Would you repeat the listing exactly, without any of its images?

The data |
____________________
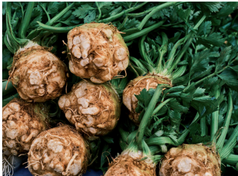
Zeler si môžeme dopestovať aj v našej záhrade.

Suroviny: 700 g zeleru, 350 ml mlieka, 150 ml smotany na šľahanie, 100 g šalotky, 20 g masla, soľ, mleté čierne korenie
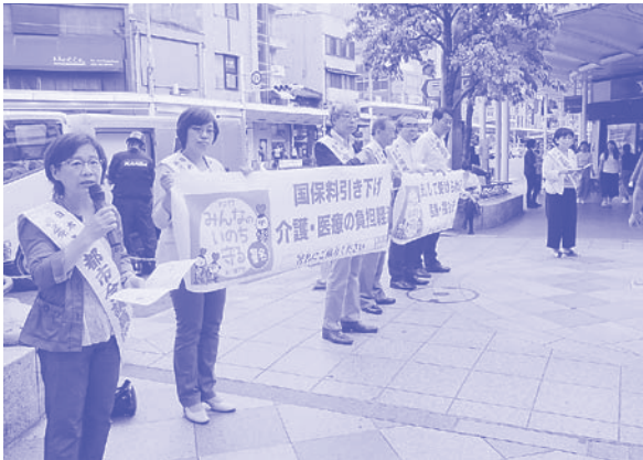
「みんなのいのちを守る署名」行動
____________________
Solved problem |
Zeler si môžeme dopestovať aj v našej záhrade.

Suroviny: 700 g zeleru, 350 ml mlieka, 150 ml smotany na šľahanie, 100 g šalotky, 20 g masla, soľ, mleté čierne korenie
「みんなのいのちを守る署名」行動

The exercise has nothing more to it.